— What you need to do —
Copy out precisely the lines from the start of the data through the line with "JJ Aldrich by", and keep pictures out of it.

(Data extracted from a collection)

________________________

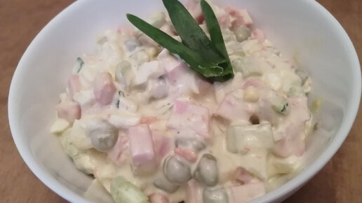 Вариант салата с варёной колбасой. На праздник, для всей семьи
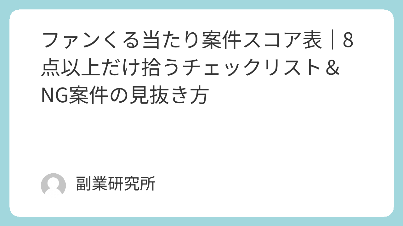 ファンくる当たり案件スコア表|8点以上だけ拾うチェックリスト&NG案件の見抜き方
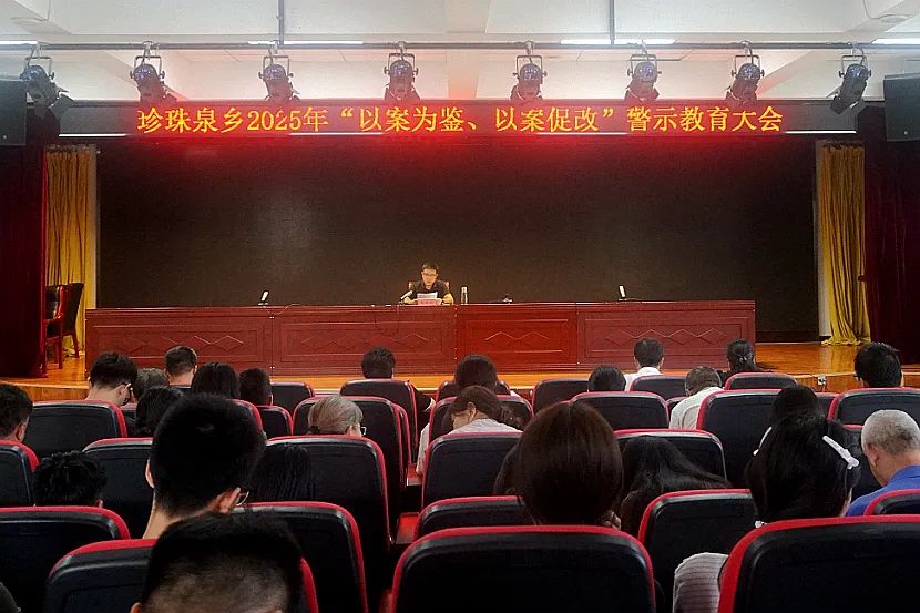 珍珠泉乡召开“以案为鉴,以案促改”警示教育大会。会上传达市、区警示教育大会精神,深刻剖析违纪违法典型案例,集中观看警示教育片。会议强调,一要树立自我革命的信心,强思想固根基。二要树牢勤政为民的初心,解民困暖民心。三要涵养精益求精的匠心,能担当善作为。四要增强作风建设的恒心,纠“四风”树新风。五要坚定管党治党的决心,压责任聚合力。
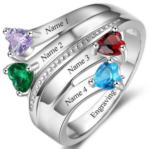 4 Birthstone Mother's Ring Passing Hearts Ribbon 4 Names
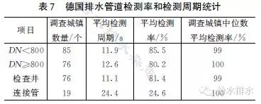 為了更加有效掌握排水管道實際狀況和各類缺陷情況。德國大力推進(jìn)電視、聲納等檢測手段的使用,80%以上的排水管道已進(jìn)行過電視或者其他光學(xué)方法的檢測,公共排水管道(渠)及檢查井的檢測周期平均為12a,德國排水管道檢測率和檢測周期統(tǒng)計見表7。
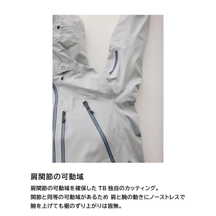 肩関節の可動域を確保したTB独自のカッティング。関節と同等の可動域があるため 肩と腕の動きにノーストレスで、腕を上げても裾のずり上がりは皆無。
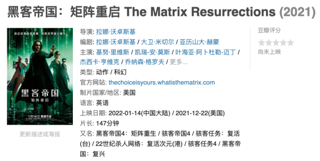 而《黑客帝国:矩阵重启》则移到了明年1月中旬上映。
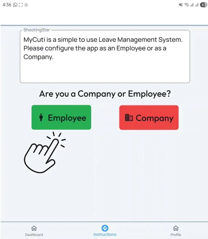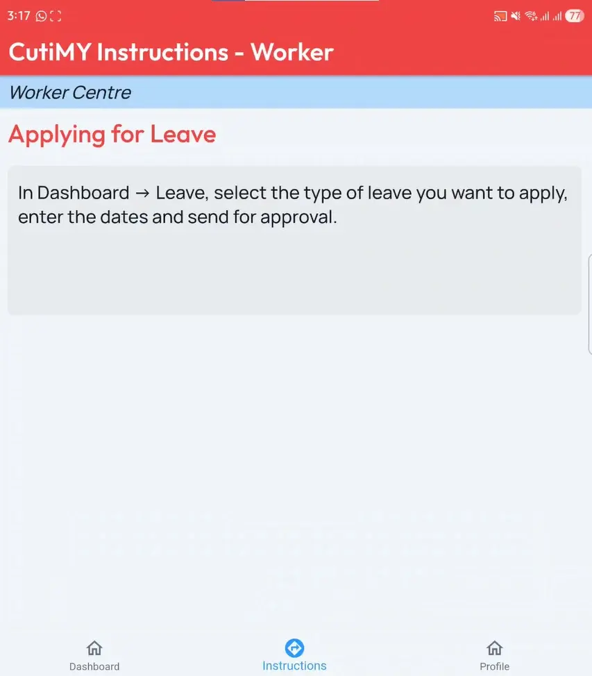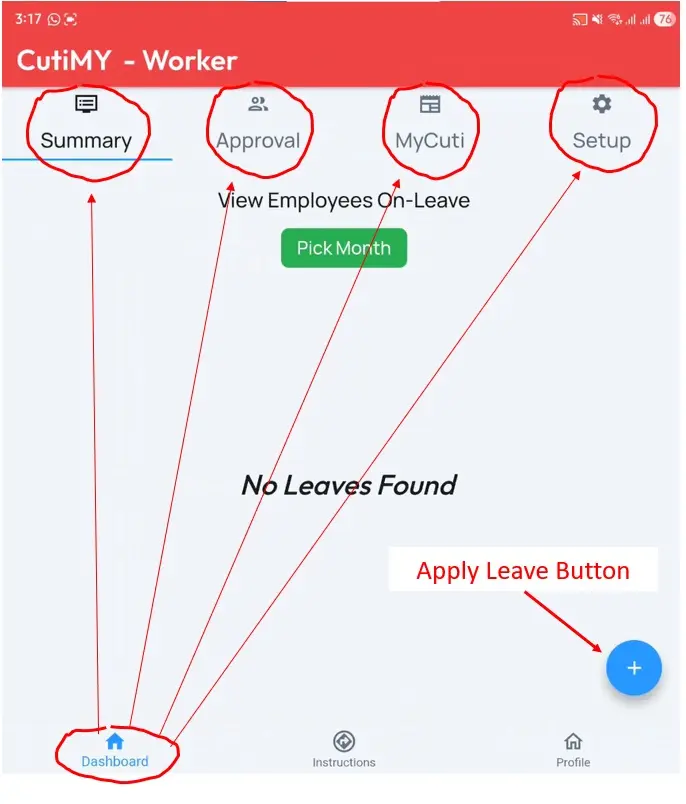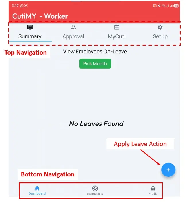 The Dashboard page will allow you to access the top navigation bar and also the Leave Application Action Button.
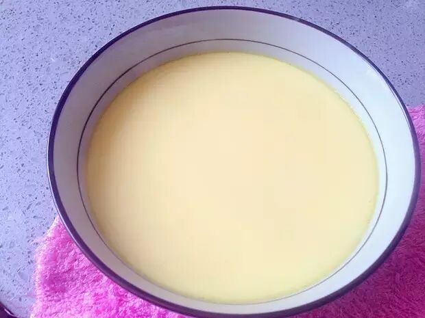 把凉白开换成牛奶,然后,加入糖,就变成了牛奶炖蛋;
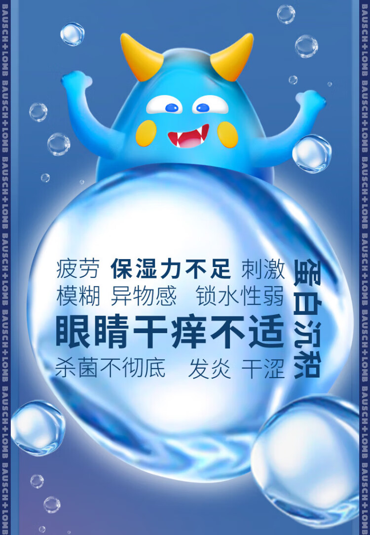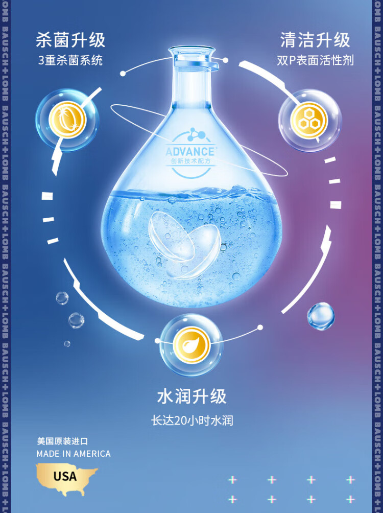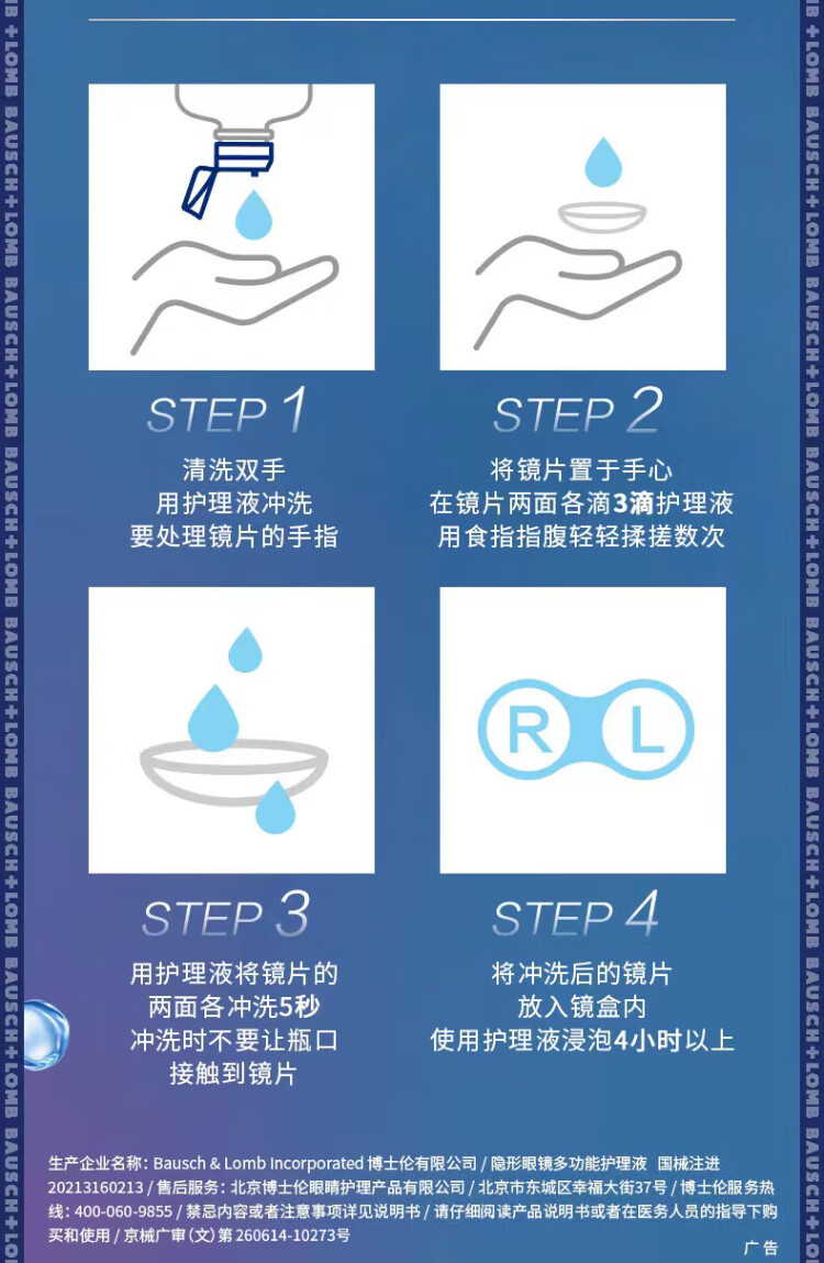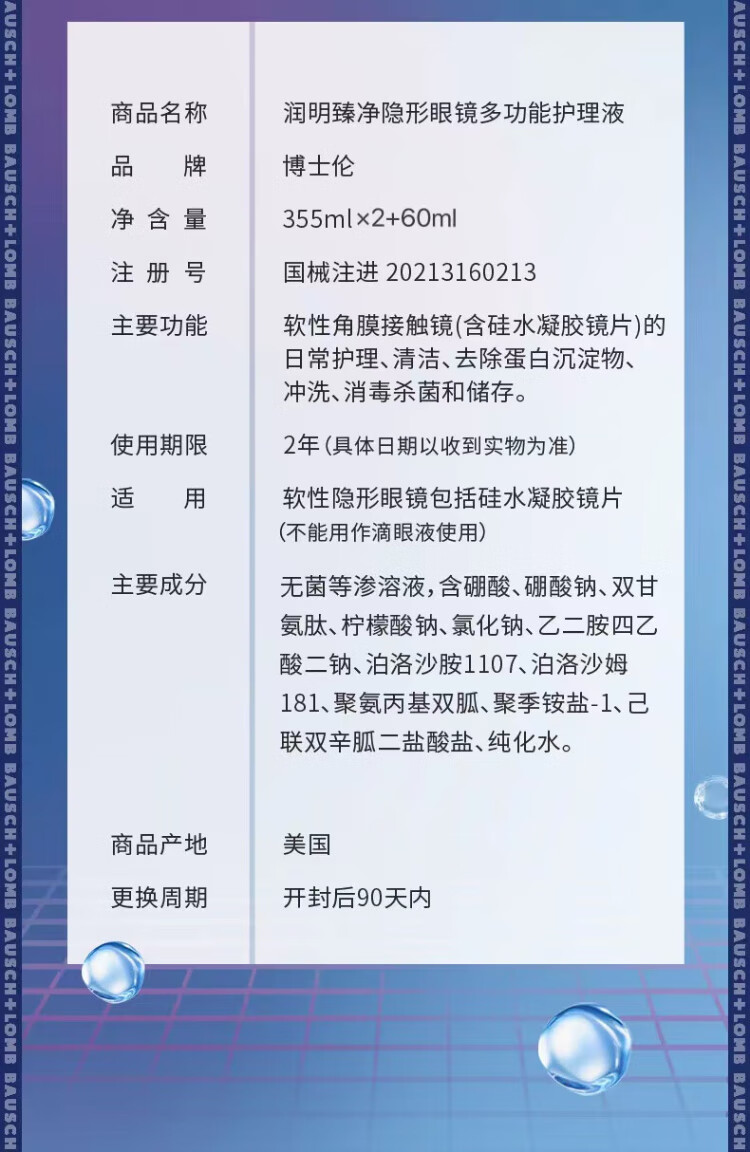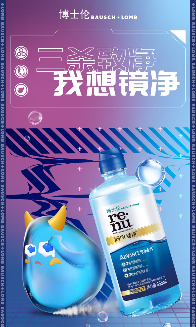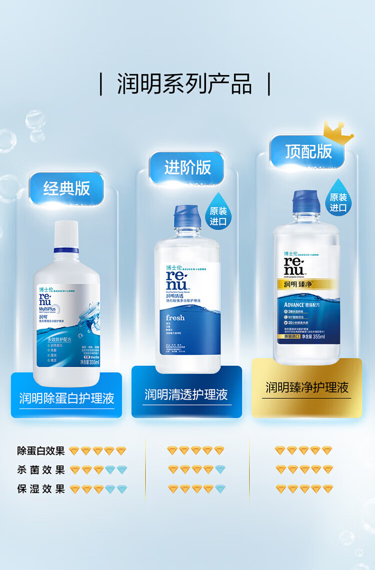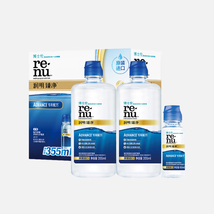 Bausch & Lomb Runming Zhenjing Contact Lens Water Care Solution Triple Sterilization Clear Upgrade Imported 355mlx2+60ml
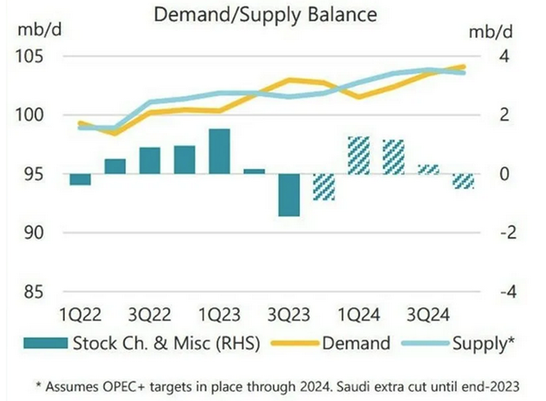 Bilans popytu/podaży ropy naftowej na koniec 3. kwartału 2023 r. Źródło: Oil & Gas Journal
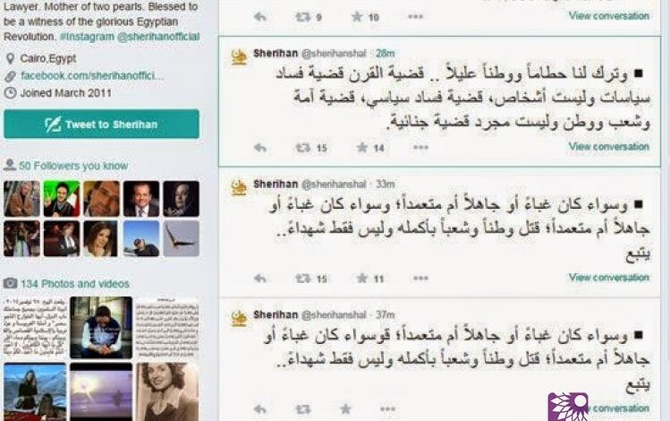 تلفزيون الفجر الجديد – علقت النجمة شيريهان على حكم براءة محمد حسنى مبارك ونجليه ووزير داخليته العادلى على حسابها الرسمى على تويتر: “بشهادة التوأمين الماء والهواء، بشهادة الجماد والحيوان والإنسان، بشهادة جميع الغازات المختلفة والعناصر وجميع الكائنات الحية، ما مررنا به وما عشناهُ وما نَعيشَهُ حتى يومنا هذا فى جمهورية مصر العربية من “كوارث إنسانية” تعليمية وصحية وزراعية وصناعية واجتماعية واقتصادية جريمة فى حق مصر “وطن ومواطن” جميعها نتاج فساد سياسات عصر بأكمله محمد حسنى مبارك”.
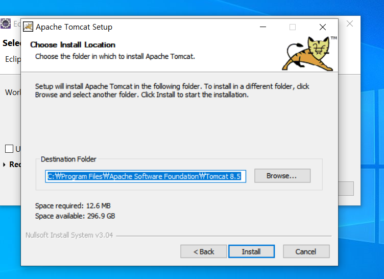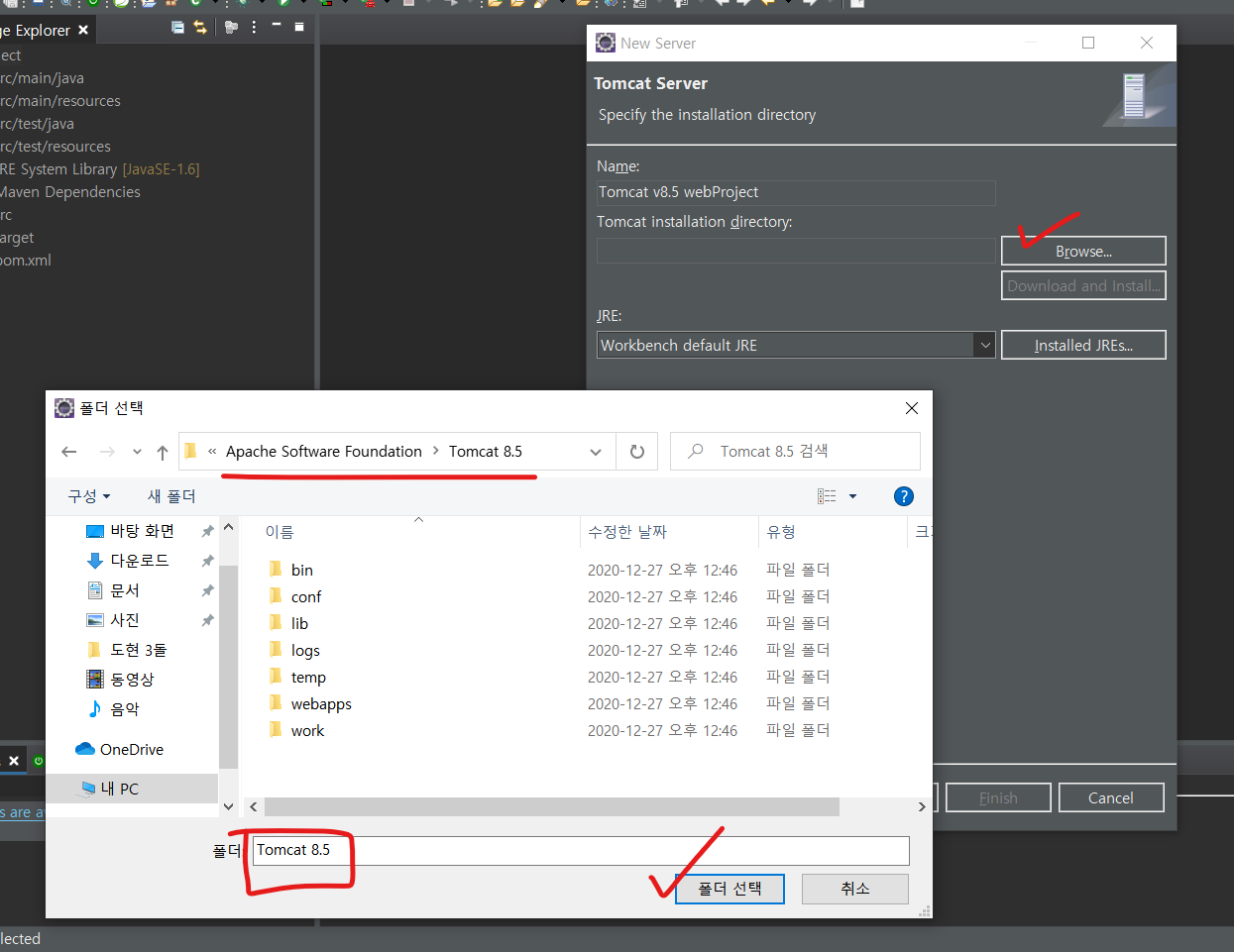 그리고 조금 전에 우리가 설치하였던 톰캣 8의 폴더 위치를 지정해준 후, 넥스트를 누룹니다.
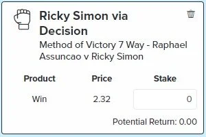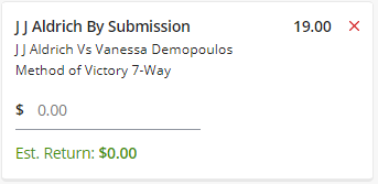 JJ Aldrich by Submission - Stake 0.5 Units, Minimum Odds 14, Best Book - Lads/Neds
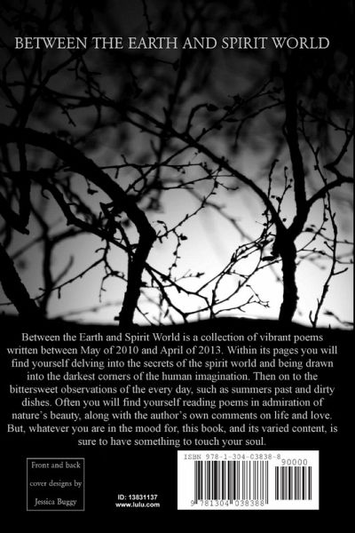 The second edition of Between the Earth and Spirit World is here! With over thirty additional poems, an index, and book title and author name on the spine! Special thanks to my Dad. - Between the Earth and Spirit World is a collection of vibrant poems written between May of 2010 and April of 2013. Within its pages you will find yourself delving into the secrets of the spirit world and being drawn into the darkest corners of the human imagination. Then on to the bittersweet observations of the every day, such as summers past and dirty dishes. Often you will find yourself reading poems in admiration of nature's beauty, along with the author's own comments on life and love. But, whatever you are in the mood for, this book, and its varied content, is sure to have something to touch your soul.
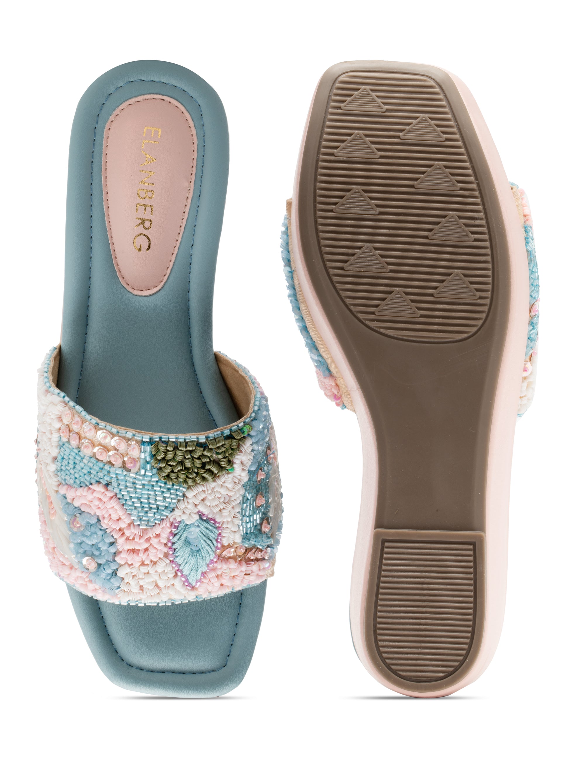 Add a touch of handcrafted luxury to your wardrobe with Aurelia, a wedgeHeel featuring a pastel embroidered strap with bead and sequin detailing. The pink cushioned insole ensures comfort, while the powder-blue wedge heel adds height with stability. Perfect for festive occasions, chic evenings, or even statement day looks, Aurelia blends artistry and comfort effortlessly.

________________________

— Solution for this task —
 Вариант салата с варёной колбасой. На праздник, для всей семьи
 ファンくる当たり案件スコア表|8点以上だけ拾うチェックリスト&NG案件の見抜き方
 珍珠泉乡召开“以案为鉴,以案促改”警示教育大会。会上传达市、区警示教育大会精神,深刻剖析违纪违法典型案例,集中观看警示教育片。会议强调,一要树立自我革命的信心,强思想固根基。二要树牢勤政为民的初心,解民困暖民心。三要涵养精益求精的匠心,能担当善作为。四要增强作风建设的恒心,纠“四风”树新风。五要坚定管党治党的决心,压责任聚合力。
 4 Birthstone Mother's Ring Passing Hearts Ribbon 4 Names
 為了更加有效掌握排水管道實際狀況和各類缺陷情況。德國大力推進(jìn)電視、聲納等檢測手段的使用,80%以上的排水管道已進(jìn)行過電視或者其他光學(xué)方法的檢測,公共排水管道(渠)及檢查井的檢測周期平均為12a,德國排水管道檢測率和檢測周期統(tǒng)計見表7。
 肩関節の可動域を確保したTB独自のカッティング。関節と同等の可動域があるため 肩と腕の動きにノーストレスで、腕を上げても裾のずり上がりは皆無。
 而《黑客帝国:矩阵重启》则移到了明年1月中旬上映。
 The Dashboard page will allow you to access the top navigation bar and also the Leave Application Action Button.
 把凉白开换成牛奶,然后,加入糖,就变成了牛奶炖蛋;
 Bausch & Lomb Runming Zhenjing Contact Lens Water Care Solution Triple Sterilization Clear Upgrade Imported 355mlx2+60ml
 Bilans popytu/podaży ropy naftowej na koniec 3. kwartału 2023 r. Źródło: Oil & Gas Journal
 تلفزيون الفجر الجديد – علقت النجمة شيريهان على حكم براءة محمد حسنى مبارك ونجليه ووزير داخليته العادلى على حسابها الرسمى على تويتر: “بشهادة التوأمين الماء والهواء، بشهادة الجماد والحيوان والإنسان، بشهادة جميع الغازات المختلفة والعناصر وجميع الكائنات الحية، ما مررنا به وما عشناهُ وما نَعيشَهُ حتى يومنا هذا فى جمهورية مصر العربية من “كوارث إنسانية” تعليمية وصحية وزراعية وصناعية واجتماعية واقتصادية جريمة فى حق مصر “وطن ومواطن” جميعها نتاج فساد سياسات عصر بأكمله محمد حسنى مبارك”.
 그리고 조금 전에 우리가 설치하였던 톰캣 8의 폴더 위치를 지정해준 후, 넥스트를 누룹니다.
 JJ Aldrich by Submission - Stake 0.5 Units, Minimum Odds 14, Best Book - Lads/Neds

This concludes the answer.